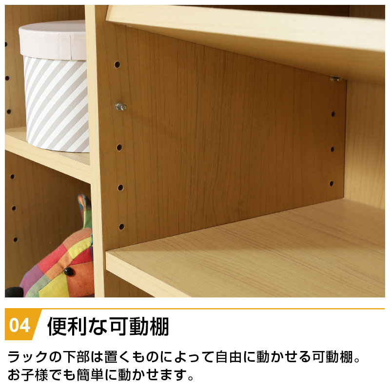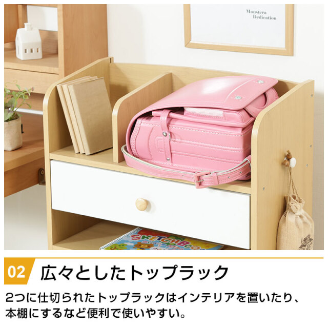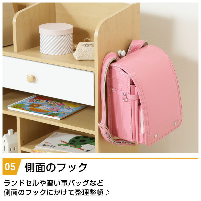 | 特徴 | ・ナチュラル色で大きくなっても使えるデザイン ・広々としたトップラックは本棚としても使える ・大きい引出しは小物や洋服などをすっきり収納 ・ラックの下部は置くものによって自由に動かせる可動棚 ・ランドセルや習い事バッグなど側面のフックにかけて整理整頓 ・キャスター付きだからお掃除ラクラク |
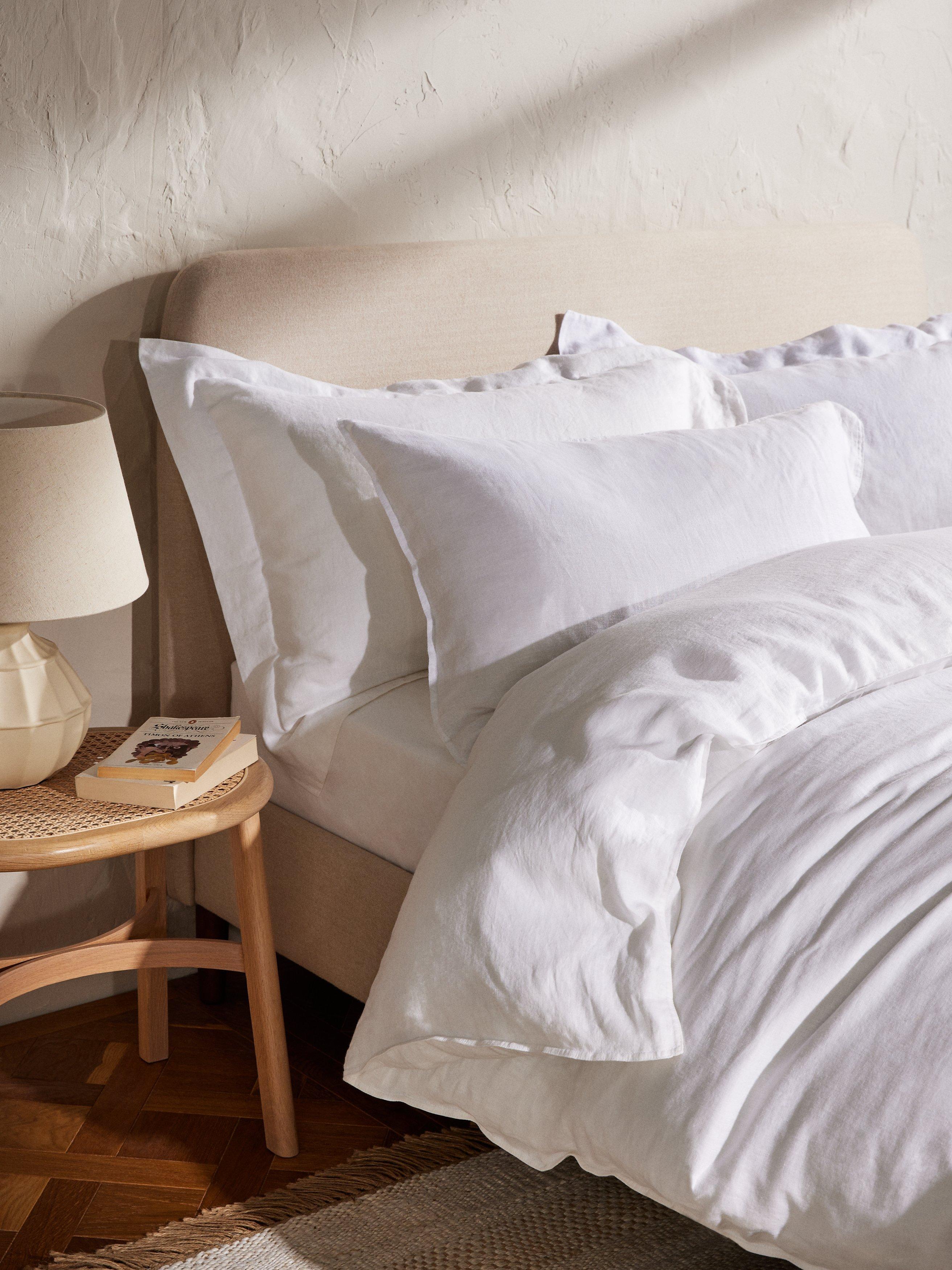 Linen’s long fibres are strong and durable, creating naturally breathable fabric to help keep you cool and comfy while you sleep. The texture and finish also age well, becoming softer over time.
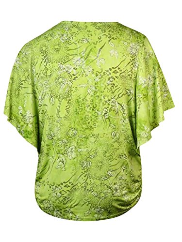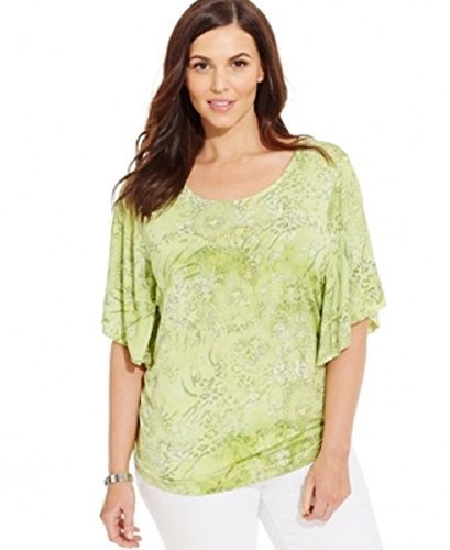 Top features no lining, round neck, flutter sleeves, glittered printed jersey fabric, ruched hips, and pullover style.

**TRY IT:** Please give back every line above exactly as it stands, without pictures.

**ANSWER TO THIS EXERCISE:**
 | 特徴 | ・ナチュラル色で大きくなっても使えるデザイン ・広々としたトップラックは本棚としても使える ・大きい引出しは小物や洋服などをすっきり収納 ・ラックの下部は置くものによって自由に動かせる可動棚 ・ランドセルや習い事バッグなど側面のフックにかけて整理整頓 ・キャスター付きだからお掃除ラクラク |
 Linen’s long fibres are strong and durable, creating naturally breathable fabric to help keep you cool and comfy while you sleep. The texture and finish also age well, becoming softer over time.
 Top features no lining, round neck, flutter sleeves, glittered printed jersey fabric, ruched hips, and pullover style.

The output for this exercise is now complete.